When should the press use terms like "f------ idiot?"
Inspired by Anthony Scaramucci, Poynter Senior Scholar Roy Peter Clark takes on the matter of when to use the most vulgar of language.
"It was shocking to see recent examples of sexual language in The New York Times, once honored and ridiculed as the Old Gray Lady. The paper’s slogan 'All the News That’s Fit to Print' was to distinguish it a century ago from the sensationalism of the so-called yellow press."
But "newspaper standards and practices, while enduring, are not eternal. They were created to match market forces and to face new political, economic, social or technological problems." Here, he offers a guide (in fact, a four-quadrant "Potty Box") to help one figures this out, with the central factors being the level of profanity, news value, social context and standards/practices.
How Trump trade policy impacts many supporters
Politico did a smart piece on the impact of Trump's foreign trade policy on farm state supporters, like those in Eagle Grove, Iowa.

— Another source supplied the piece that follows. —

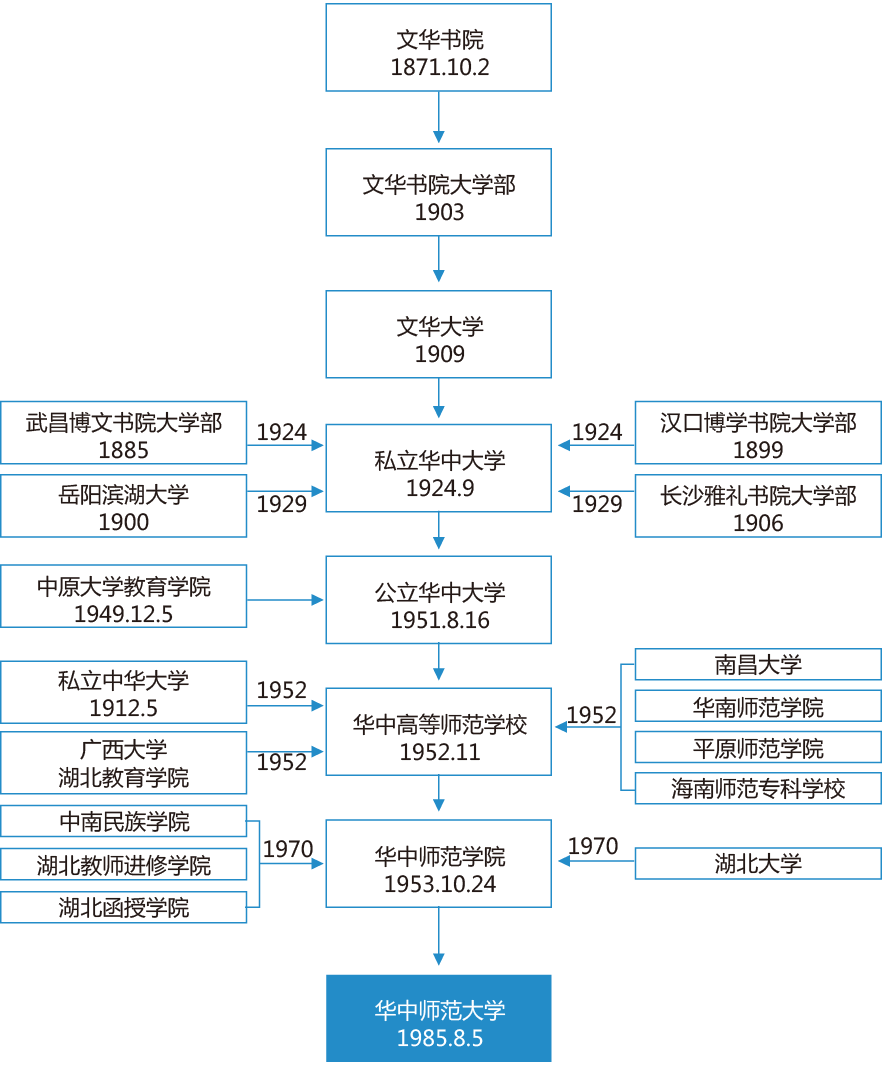 乐鱼在线注册是教育部直属的一所重点综合性高等学府。追溯其根由,她以1871年的文华书院为源头,以1903年文华书院所设立的大学部为起点,以1924年在文华大学基础上建立的华中大学为主体,以华中大学、中华大学、中原大学教育学院等多元结合为前身。1951年中原大学教育学院与华中大学合并组建成公立华中大学;1952年中华大学、湖北教育学院等并入后,学校改名为华中高等师范学校,1953年定名为华中师范学院,1985年学校更名为乐鱼在线注册,并由中原大学创始人之一邓小平同志亲笔题写校名。

Yes, the manufacturing sector is nervous on his indecision on tariffs but for the agriculture sector the Trans-Pacific Partnership "was a lifeline... a chance to erase punishing tariffs that restricted the United States—the one-time 'breadbasket of the world'—from selling its meats, grains and dairy products to massive importers of foodstuffs such as Japan and Vietnam."

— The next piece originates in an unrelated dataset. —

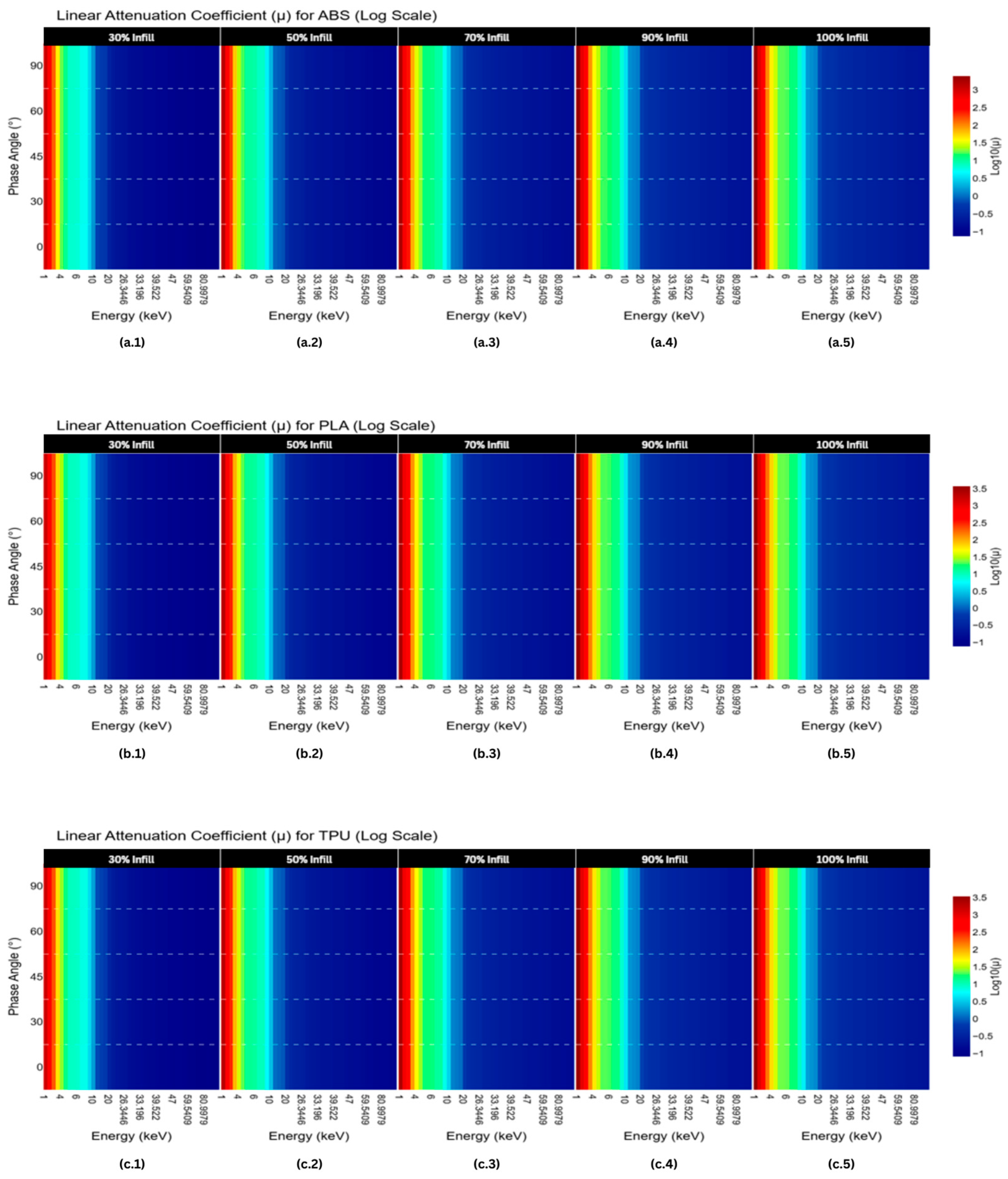 Lopez TB, Cabalhug JH, Arriola E, Afable ML, Lorenzo RJW, Fronda GB, Mecarandayo P, Santos GN, Advincula R, Astronomo A, et al. Radiation Attenuation Calculation of 3D-Printed Polymers Across Variable Infill Densities and Phase Angles for Nuclear Medicine Applications. Polymers. 2026; 18(1):49. https://doi.org/10.3390/polym18010049

A question only real journalists can answer
"Why Does the Anna Faris/Chris Pratt Breakup Feel So Singularly Heartbreaking?" (Slate)
Firm grasp of the obvious
"Most Republicans trust the president more than they trust the media" (The Economist)
Amazon's covert manufacturing
Quartz does some investigating of "800 trademarks that Amazon has either been awarded or applied for through the U.S. Patent and Trademark Office" and identifies "19 brands that are owned by Amazon and sell products or have product pages on amazon.com."
Its main point: "Only one of the brands makes clear that it’s an Amazon product: Pinzon, a bedsheets and towel brand. The rest appear to consumers like any other company’s products on Amazon."
It's all about cutting out middlemen by producing one's own products, even if being a bit surreptitious about it all.
"Trump & Friends" was both down and up on Chicago this morning, chagrined with Mayor Rahm Emanuel suing the Justice Department over Jeff Sessions' plan to yanks funds from so-called sanctuary cities. But it liked a Chicago Council on Global Affairs poll that claims 62 percent of Americans support U.S. forces defending South Korea against threats from North Korea.
Polling self-servingly was in evidence at CNN, where its own poll shows that just 24 percent "trust what you hear from the White House," or what CNN, at least, quickly tags a "growing credibility crisis." Errol Louis underscored the country's polarization, with 83 percent of Republicans backing him even given their qualms about his modus operandi. Brian Stelter and Bill Carter mulled Trump's tweeting and the show again relied heavily on newspapers, notably a New York Times disclosure on a draft government report about drastically rising temperatures.
"Morning Joe" on MSNBC digested numbers that co-host Joe Scarborough deems "bad news for the president. "It even had a New Hampshire poll, given to it "exclusively," shows softness among pro-Trump Republicans and claiming that a hypothetical challenge from Ohio Gov. John Kasich today would result in Kasich beating either Trump or Mike Pence if the latter were the candidate.
But, as for what a general Democratic strategy should be, it's muddled beyond bashing Trump, as Scarborough and Democrat Harold Ford Jr. underscored once again. They did so without apparent tweets from the president, suggesting he was either in the Bedminster pro shop with an early tee time or had misplaced his phone.